The crowd shifted and he caught a sliver of silk in softest green, skin as pale as milk and hair that shone like the sky at dawn, rose and gold together.
His pulse thudded once, hard enough to stall his breath. Low in his belly an unfamiliar sensation eddied. A sensation that made his nape prickle.
Then his view was blocked by a couple of men in dinner jackets.
‘Which one is she?’ His voice echoed strangely, no doubt due to the acoustics of the filled-to-capacity ballroom.
For a second he’d experienced something he hadn’t felt in years. A tug of attraction so strong he’d convinced himself it hadn’t been real, that imagination had turned a brief interlude into something almost...significant.
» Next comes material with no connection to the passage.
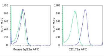 Description: This 15-414 monoclonal antibody reacts with human CD172a, also known as signal regulatory protein alpha (SIRP alpha). This cell surface glycoprotein consists of three Ig-like extracellular domains and two cytoplasmic immunoreceptor tyrosine-based inhibitory motifs (ITIMs). The ITIM domains have been demonstrated to recruit and bind the Src homology 2 domain-containing phosphatases SHP-1 and SHP-2. CD172a is expressed on monocytes, granulocytes, dendritic cells, and CD34+CD38- hematopoietic progenitor cells but not on T and B lymphocytes. Moreover, neurons have also been shown to express CD172. The integrin-associated protein CD47 is the extracellular ligand for CD172a. Studies show that CD172a is involved in dendritic cell-mediated T cell activation, neutrophil migration, and phagocytosis.

No doubt because of the dark, relentlessly tough days that had followed. She’d been the one lover he’d had to put aside before his passion was spent. That explained the illusion she was different from the rest.
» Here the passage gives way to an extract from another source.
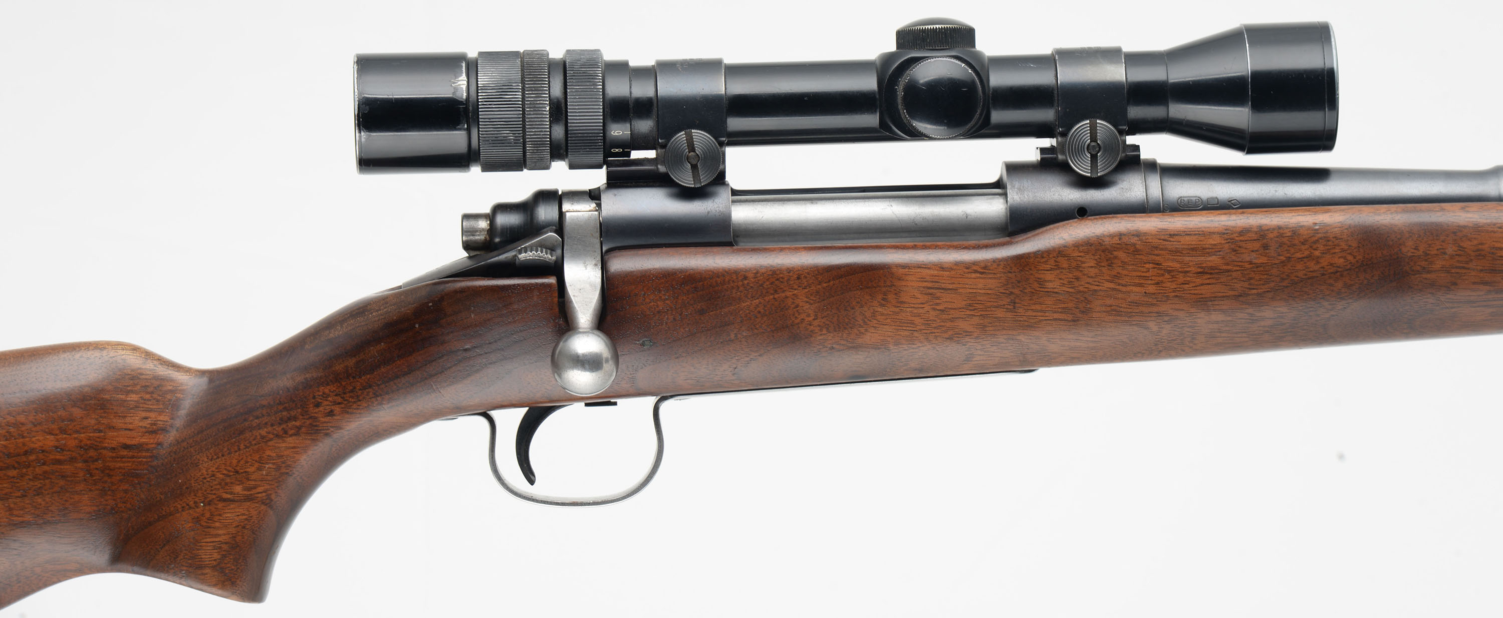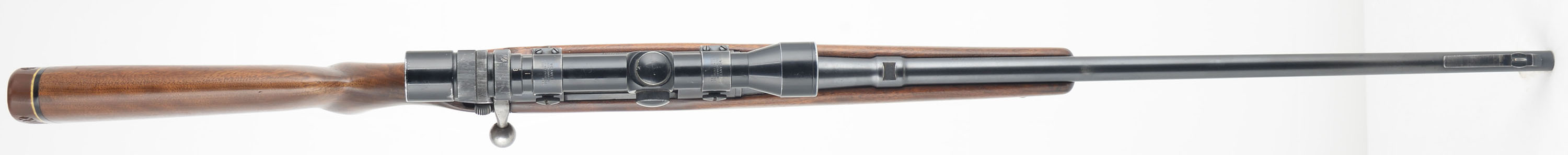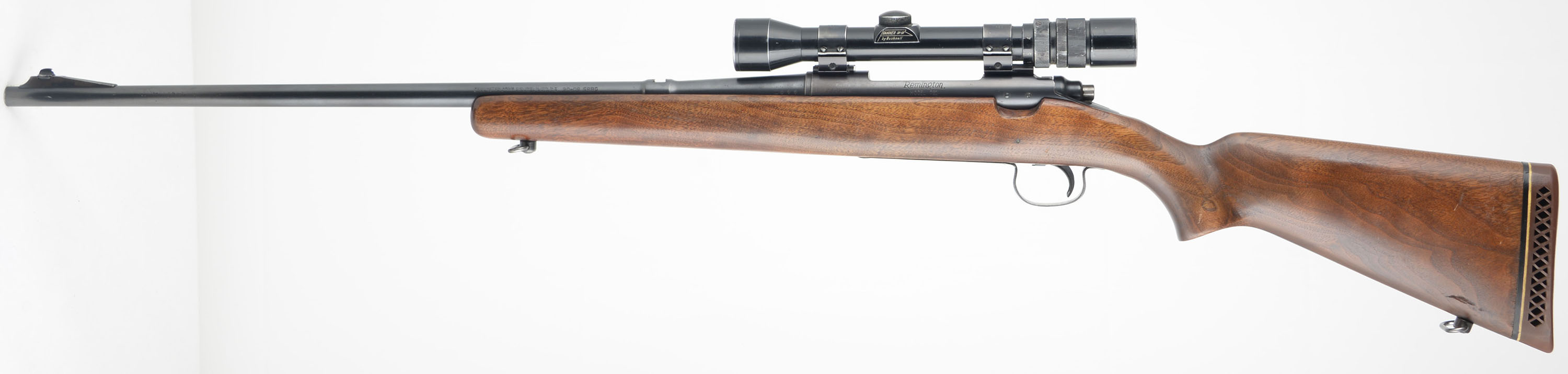 Remington Model 721, CAL: 30-06 SPRG, MFG: 1948-61, SN: 242380, Bolt Action Rifle, 24'' barrel. The original flat pistol grip wood stock is very good, having been lightly sanded & nicely refinished. There remains a few minor scrapes, scratches & contusions. The metal blue finish rates 85% on the barrel, 70% on the receiver. The trigger guard & floorplate are worn mostly gun metal gray, with a thin brown patina remaining. Bore is excellent. The receiver carries a Bushnell Banner 3X-9X scope, while the barrel carries an open rear dovetail & ramped blade front sights. The buttstock carries a Pachmayr ventilated recoil pad. Sling loop. A nicely equipment deer hunting rifle. FFL or C&R Req. - Value: 400 to 600

But the woman he’d known had had a cloud of vibrant curls, not that sleek, conformist chignon.
‘I can’t see her now. I’ll go and fetch her. Unless—’ Hamid’s smile turned conspiratorial ‘—you’d like a break from the formalities.’
Tradition decreed that the ruler received his guests on the raised royal dais, complete with a gilded, velvet-cushioned throne for formal audiences. Idris was about to say he’d wait here when something made him pause. How long since he’d allowed himself the luxury of doing something he wanted, not because it was his duty?
Idris’s eyes flicked to Ghizlan, easily holding her own with a minor royal and some politicians. As if sensing his regard she looked up, smiled slightly then turned back to her companions.
No doubt about it, she’d make a suitable queen—capable and helpful. Not clinging or needy. Not demanding his attention as too many ex-lovers had done.
Idris turned to Hamid. ‘Lead on, Cousin. I’m agog to meet this woman who’s captured your heart.’
They wove through the crowd till Hamid halted beside the woman in green. The woman with creamy skin and strawberry-blonde hair and a supple, delicate figure. Idris’s attention caught on the lustre of her dress, clinging to her hips and pert bottom.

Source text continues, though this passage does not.